Пришлось мнѣ пѣть однажды «Дубинушку» не потому, что меня объ этомъ просили, а потому, что Царь въ особомъ манифестѣ обещалъ свободу. Было это въ Москвѣ въ огромномъ ресторанномъ залѣ «Метрополя»… Ликовала въ этотъ вечеръ Москва! Я стоялъ на столѣ и пѣлъ — съ какимъ подъемомъ, съ какой радостью!

Не каждый день человѣкъ радуется одному и тому же.

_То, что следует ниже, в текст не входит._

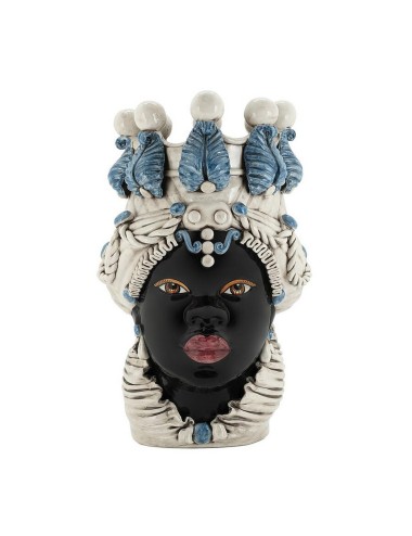 Sicilian traditional moor-head shaped ceramic vase, totally hand made and hand painted by the original artisanal producer from Caltagirone - Sicily, restyled and exclusively distributed by Abhika.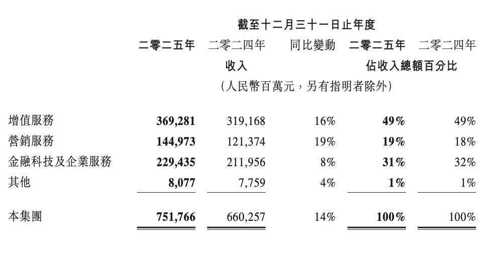 三大核心业务毛利均实现双增,增值服务(+22%)、营销服务(+24%)、金融科技及企业服务(+17%)成为利润增长基石;
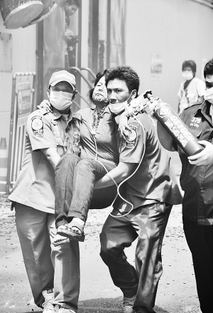 3月31日,泰国救援人员在南部宋卡府旅游城市合艾市一家酒店发生火灾后,疏散一名妇女。 当天,泰国南部宋卡府旅游城市合艾市一家酒店发生爆炸引起火灾,目前已导致至少3人死亡,上百人被困。 新华社/路透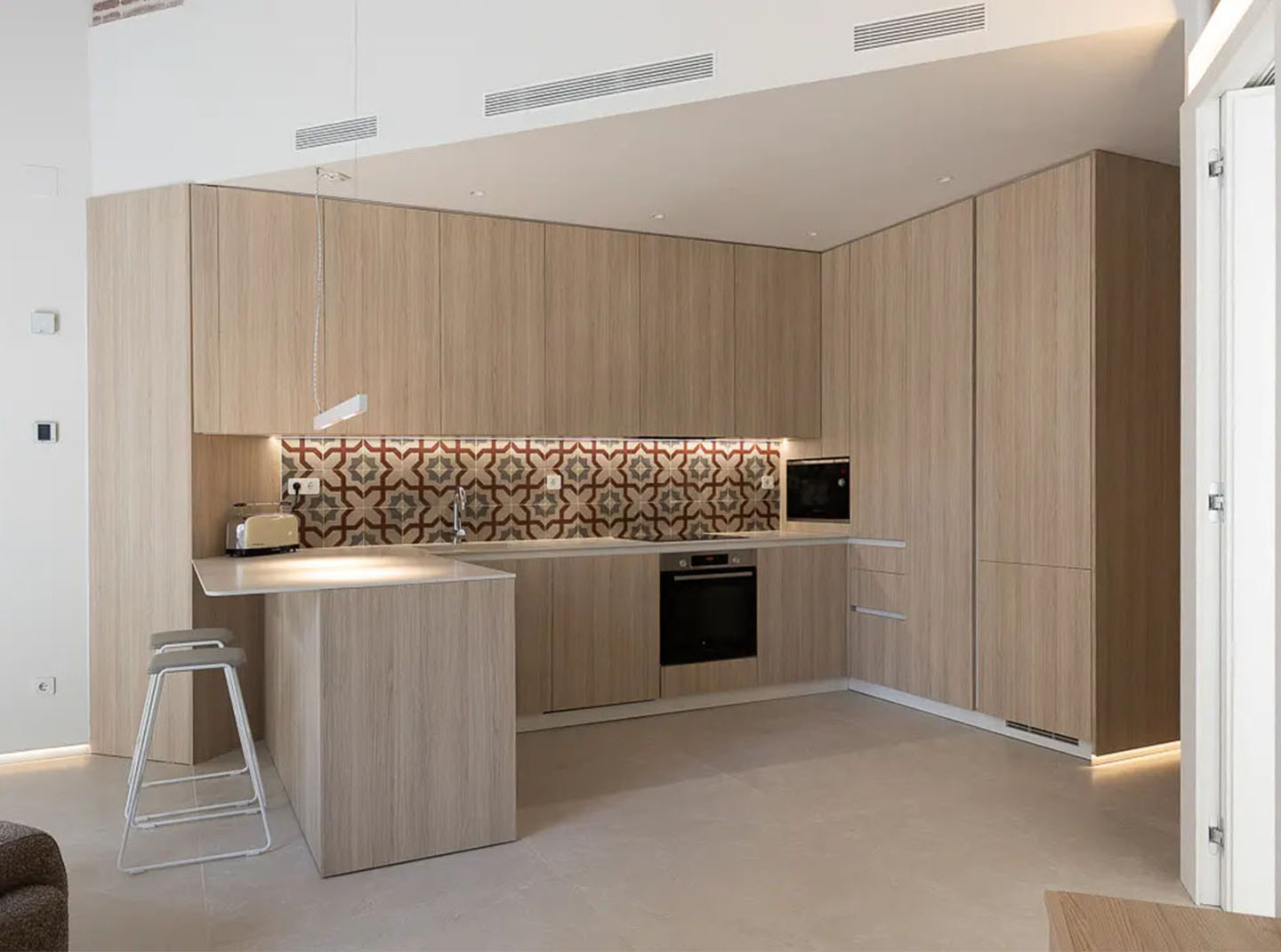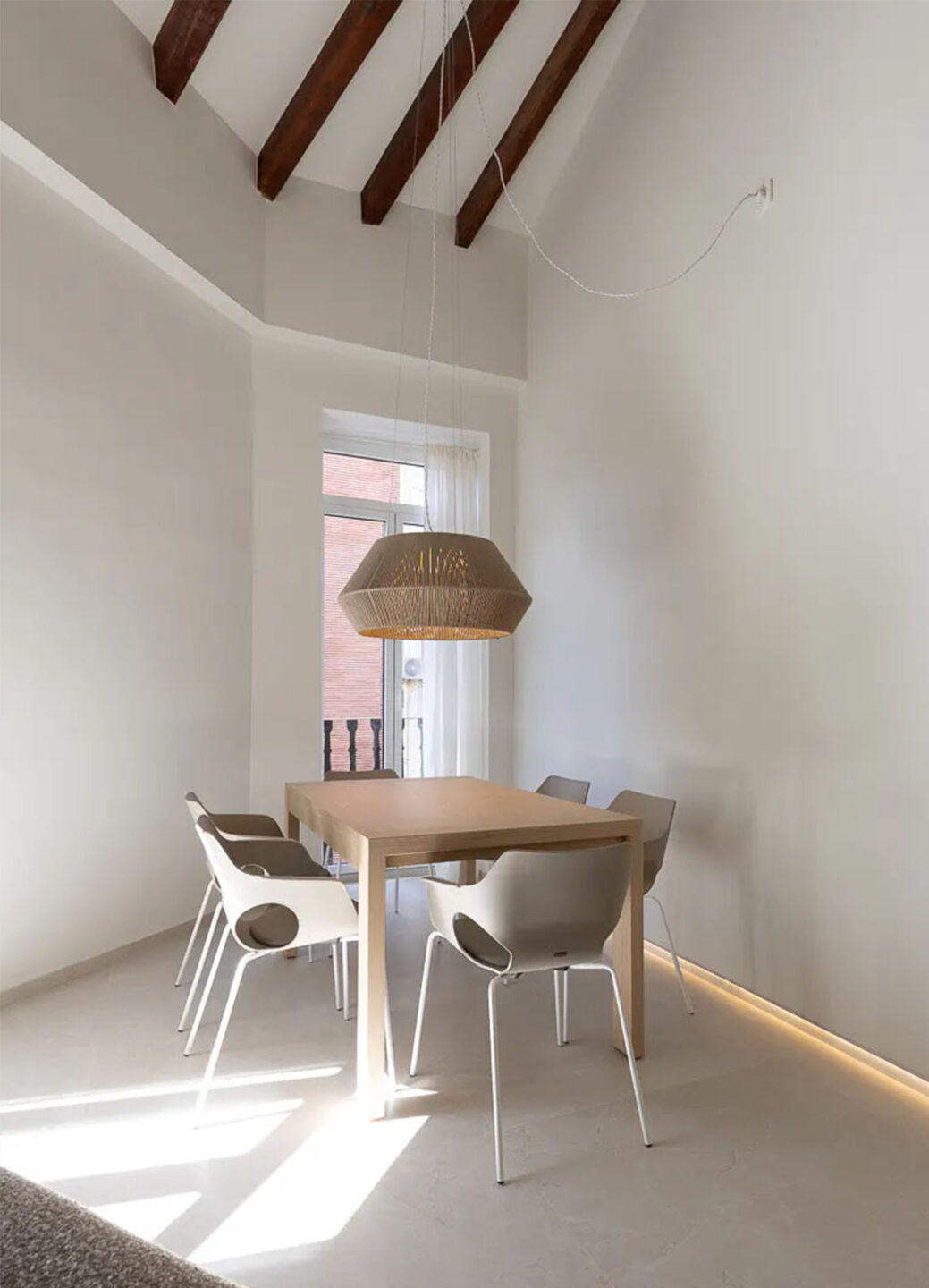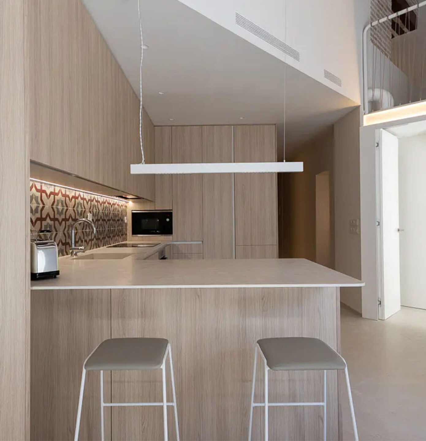 La reforma se ha realizado con acabados de alta calidad, donde predominan los tonos blancos y la madera natural, creando un ambiente cálido, elegante y muy luminoso. Cada detalle ha sido cuidadosamente elegido, materiales nobles y una distribución pensada para disfrutar del espacio.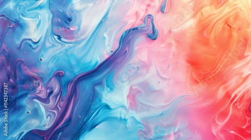 Abstract Swirling Liquid with Blue, Pink, and Orange Hues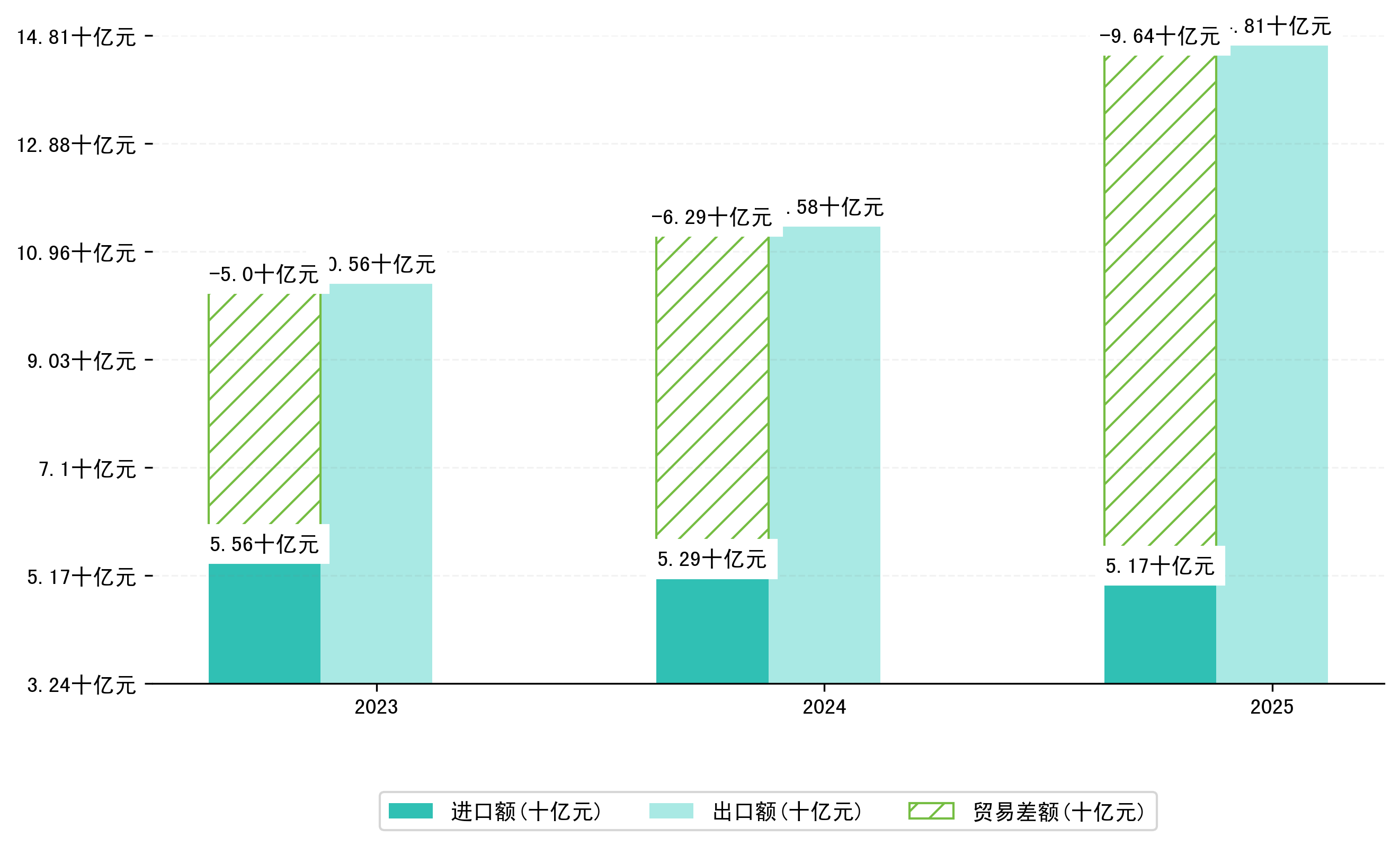 以人民币计,2025年1-7月绵阳市贸易差额为96,4166,7692万元(贸易顺差),相比上年同期增加了33,5150,9146万元,同比增加53.28%。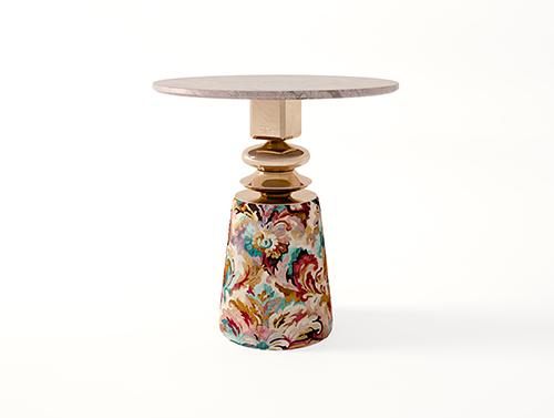 Alessandro La Spada從經(jīng)典產(chǎn)品Cortes 上得到靈感,設(shè)計(jì)了這個(gè)風(fēng)格鮮明、精巧高雅的新餐廳空間。包括一個(gè)橢圓形桌子和圓形輪廓的椅子。大理石桌子的基座由白色的圓錐形結(jié)構(gòu)和鍍金的不規(guī)則柱子構(gòu)成,給予強(qiáng)大的支撐力的同時(shí)也帶來層次豐富的視覺享受。
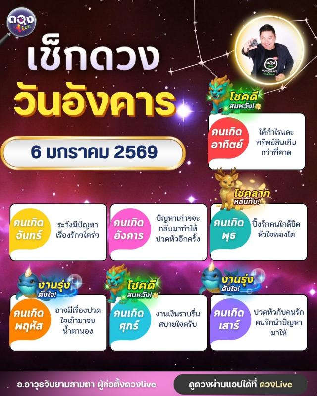 ดวงรายวันประจำวันอังคารที่ 6 มกราคม 2569 โดย อ.อาวุธจับยามสามตา – ผู้ก่อตั้งดวง Live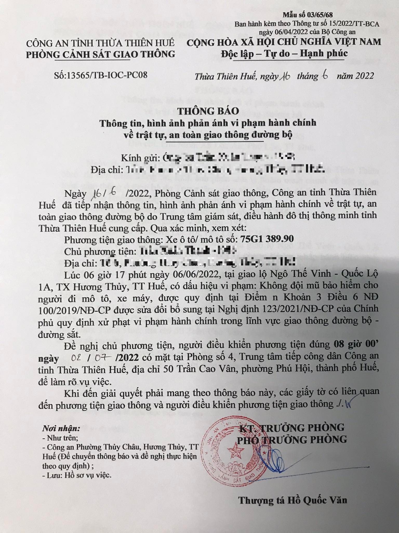 Phòng Cảnh sát giao thông xác định lỗi vi phạm của người điều khiển phương tiện 75G138990: Không đội mũ bảo hiểm cho người đi mô tô, xe máy, quy định tại điểm n khoản 3 điều 6 Nghị định 100/2019/NĐ-CP được sửa đổi, bổ sung tại Nghị định 123/NĐ-CP ngày 28/12/2021.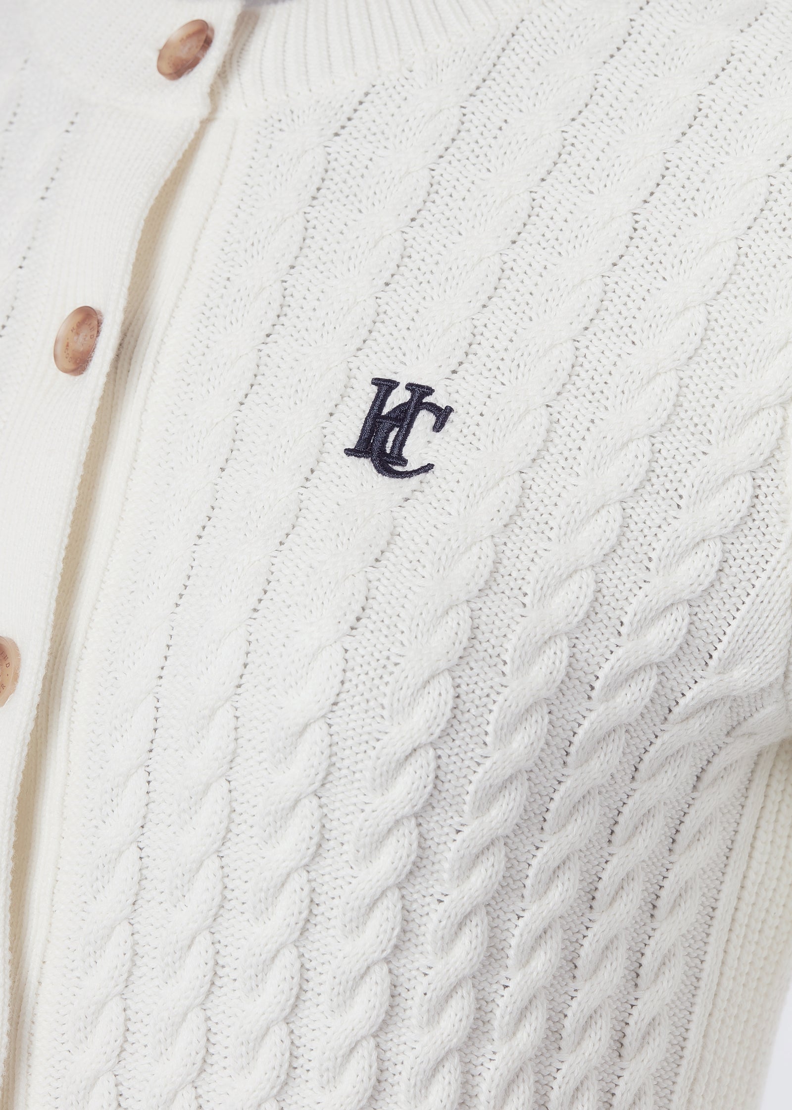 Crafted from the softest cotton, this cardigan features an elegant cable pattern on both the body and sleeves, adding a touch of sophistication to your wardrobe. Embellished with the iconic HC embroidery on the chest and horn button detailing, every element of this cardigan is carefully curated for a timeless and luxurious feel.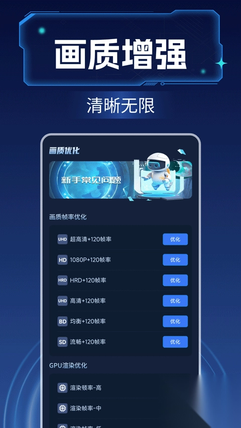 画质增强大师 2025 最新版本,堪称一款实力强劲的专业级手机画质优化利器。它运用核心唤醒技术,能够智能地对 CPU 频率与 GPU 性能分配进行调整,达成高帧率输出,令动态画面呈现出更为流畅自然的视觉效果。 不仅如此,画质增强大师还具备光线追踪渲染技术,通过优化纹理加载策略,充分挖掘硬件潜力,保障画质愈发清晰生动。并且,借助智能算法全方位提升显示效果,支持图像修复、游戏渲染、流畅度优化等多种场景增强,甚至还配备准星辅助等实用功能。如此一来,用户能够轻松收获更清晰、流畅的视觉体验。不管是日常使用,还是投身游戏娱乐,只需一键操作,就能释放设备的显示潜能,营造出沉浸式的观感享受。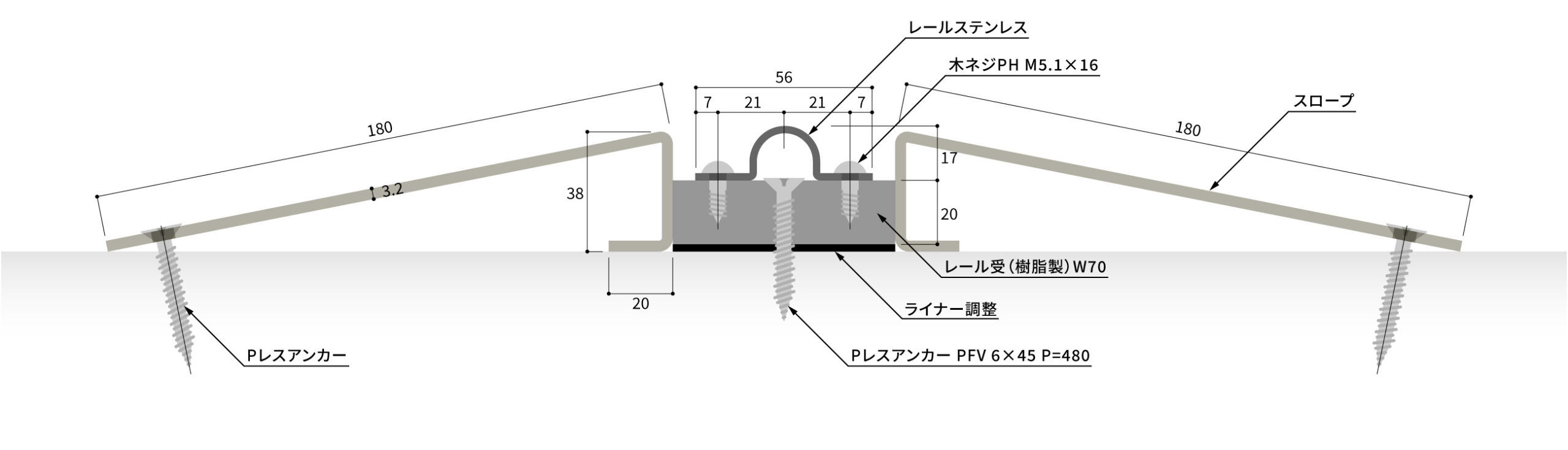 標準レールの両際に、オプションのスロープを取付けをした断面図です。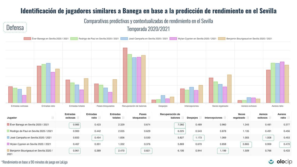 Para la identificación de los jugadores similares a Éver Banega en el Sevilla FC del futuro, Olocip utiliza una serie de criterios: búsqueda de similares en base al rendimiento en el equipo de destino (Sevilla), y no en el de origen; la capacidad de jugar en la misma posición y tener un rol similar a Banega; un número de minutos jugados superior a 1.000' en la presente temporada; un máximo de edad de 27 años; su situación actual en el mercado; un valor de mercado adaptado a las recientes inversiones económicas del Sevilla FC y una serie de variables representativas que irían en relación a las variables descriptivas más destacadas del '10' sevillista en las últimas tres temporadas (asistencias, centros, verticalidad de pases, regates totales, entradas exitosas, recuperaciones de balón, pases totales, pases frontales, construcción de juego, cambios de juego€)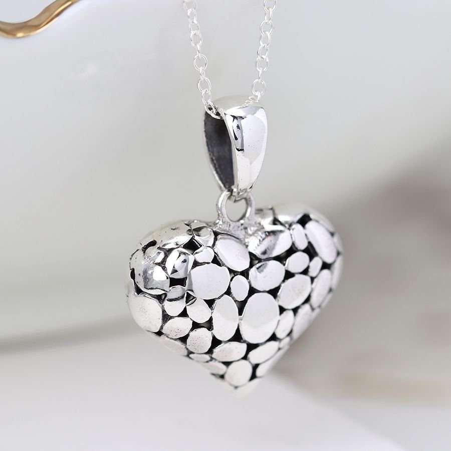 Silver Pebble Heart Pendant Necklace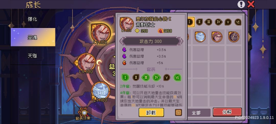 这里说明一下,武器,戒指是必备,头盔可换陈旧骑士(独立近战乘区)、衣服可换符咒衣(加技能伤害)、机核可换时停齿轮、饰品可换红心项链(配合猎户鞋)、鞋子可换猎户鞋(常态增伤)。由于技能伤害可以靠羁绊补,所以衣服后期只推荐神木。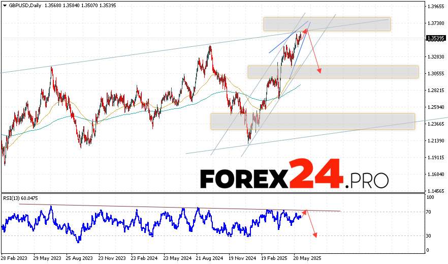 GBP/USD Weekly Forecast June 9 — 13, 2025 suggests an attempt to develop a bullish correction and test the resistance level near the 1.3665 area. From there, we can expect the currency pair to continue falling with a target below the 1.3065 area. An additional signal in favor of a decline will be a test of the trend line on the relative strength indicator. A strong rise and a breakout of the 1.3865 level will cancel the scenario of a decline in the pound-dollar pair. In this case, we should expect the pair to continue growing with a potential target above the 1.4275 level.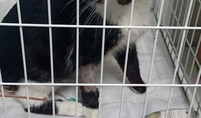 Ele está com problemas renais, precisava de tratamento urgente, está internado na clínica Porto Vet em Porto Alegre.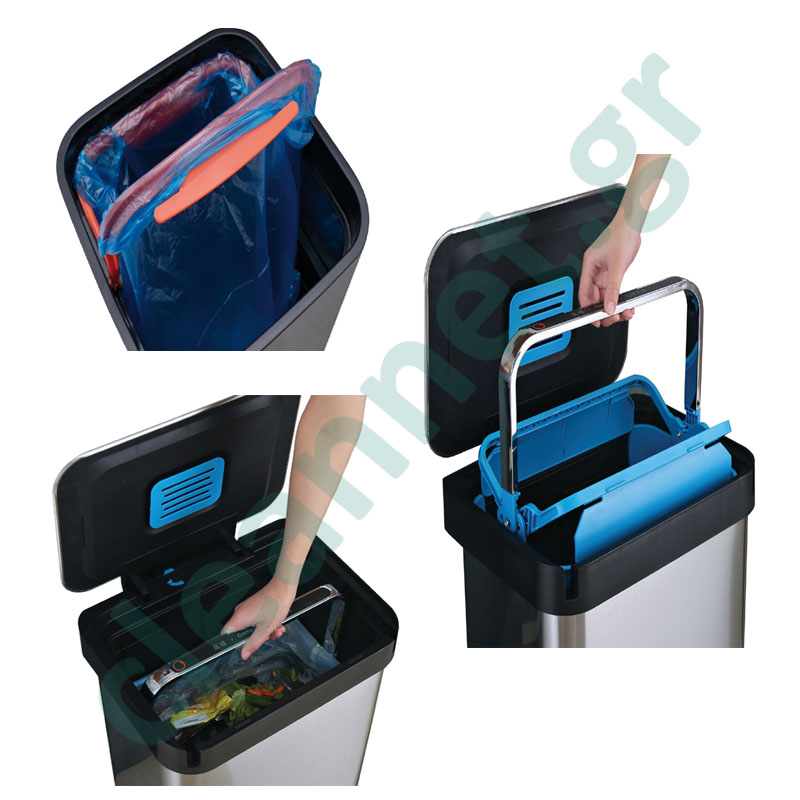 Ανοξείδωτος κάδος απορριμμάτων με πεντάλ και πρέσα, χωρητικότητας 25lt.

Между моей кiевской и московской «Дубинушкой» прошло знаменательное въ русской исторiи лето 1905 года, полное событiй и борьбы. Къ осени разразилась всероссiйская железнодорожная забастовка. Университеты превратились въ мѣста для революцiонныхъ митинговъ, въ которыхъ принимала участiе и уличная толпа. Городской народъ открыто вышелъ изъ повиновенiя власти. 17-го октября власть уступила. Былъ объявленъ манифестъ Царя о введенiи въ Россiи новаго порядка. Россiи обѣщана свобода, конституцiя, парламентъ. Можетъ быть, изъ этого и вышелъ бы толкъ: можетъ быть, Россiя дѣйствительно обновилась бы и стала мирно развиваться. Къ несчастью, и общество и правительство, какъ мнѣ казалось, сдѣлали все, что отъ нихъ зависѣло для того, чтобы эту возможность испортить. Общество разбилось на безконечное количество партiй, изъ которыхъ каждая пѣла на свой ладъ. Однѣ говорили, что дано мало, другiя, что дано много, И что Царь обманетъ. А при дворѣ, какъ только забастовка прекратилась, какъ только стало въ странѣ тише, вообразили, что опасность революцiи была мнимая, что зря, дескать, мы труса праздновали, и рѣшили, что быть тому, что предсказываютъ лѣвые — обмануть. Въ самомъ дѣлѣ, уже черезъ нѣсколько дней почувствовался другой вѣтеръ въ странѣ. Быстро прошла радость, опять стало хмуро я сурово въ столицахъ. По странѣ прокатилась волна погромовъ — громили евреевъ и интеллигенцiю. Какѣ впослѣдствiи разоблачилъ въ Государственной Думѣ депутатъ князь Урусовъ, бывшiй товарищъ министра внутреннихъ дѣлъ, прокламацiи съ призывомъ къ погромамъ печатались жандармскимъ ротмистромъ Комисаровымъ на казенный счетъ въ подвальномъ помѣщенiи Департамента Полицiи!.. А тутъ волновалось крестьянство. Требовало земли, жгло помѣщичьи усадьбы. Вспышки народнаго недовольства чередовались съ репрессiями. Горячая Москва стала строить баррикады…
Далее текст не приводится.